Adaptive optimization of low rank decomposition and its application on fabric defect detection

• Published in: Pattern analysis and applications : PAA Vol. 28; no. 1
• Main Authors: Shi, Wenya, Chen, Zhixiang, Liang, Jiuzhen, Jiang, Daihong
• Format: Journal Article
• Language: English
• Published: London Springer London 01.03.2025; Springer Nature B.V
• Subjects: Algorithms; Computer Science; Decomposition; Defects; Original Article; Pattern Recognition; Separation; Sparse matrices; Sparsity; Low-rank decomposition; Penalty factor; Constraint conditions; Adaptive weights; Defect detection
• ISSN: 1433-7541; 1433-755X
• DOI: 10.1007/s10044-024-01363-z

In practical applications of fabric defect detection, low-rank decomposition is the effective method.

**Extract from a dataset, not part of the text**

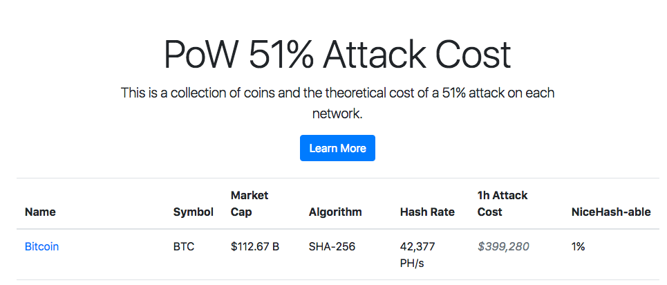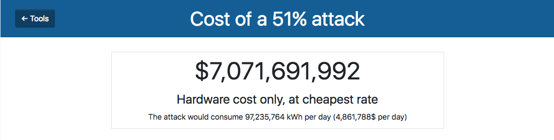 การที่ใครคนใดคนหนึ่งคิดจะทำ 51% Attack ในระบบหนึ่งแปลว่าเขาจะต้องมีต้นทุนมหาศาล ในปัจจุบัน (อ้างอิงจากเวปไซต์ https://gobitcoin.io/tools/cost-51-attack/ )เราจะต้องใช้เงินประมาณ 7 พันล้านดอลลาร์หรือประมาณ 230 พันล้านบาทในการซื้อเครื่องขุด และเสียค่าไฟในการขุดอีกเป็นเวลาต่ำที่สุด 1 ชั่วโมงคิดเป็นเงิน 4 แสนดอลลาร์ (อ้างอิงจาก https://www.crypto51.app/) 13 ล้านบาท ซึ่งต้นทุนขั้นต่ำทั้งหมดคือ 231 พันล้านบาท

Sparse matrices represent defect results, so sparse terms are the focus of this application. Because the characteristics of each observation matrix differ, the weight of sparse term also differ. Therefore, this paper proposes adaptive weight for the model, allowing it to find suitable weight for different observation matrices and thereby improving the accuracy of model. During the matrix separation process of the model, elements that should belong to the sparse matrix may be separated into the noise matrix. To address this, this paper establishes new constraints to achieve a deeper separation between the two. While establishing the corresponding algorithmic framework, this paper also considers the fluctuations in the model’s solution process and proposes a new definition for the penalty factors. This aims to improve algorithm efficiency and reduce CPU time. This paper also provides a convergence analysis of the proposed method. In the dataset of fabric defects, it was shown that the star and dot types had the best results in TPR and F-measure, with TPR of 85.15% and 81.56%, and f-measure of 70.51% and 65.40%, respectively. Indicating that the method proposed in this paper has the fastest calculation speed.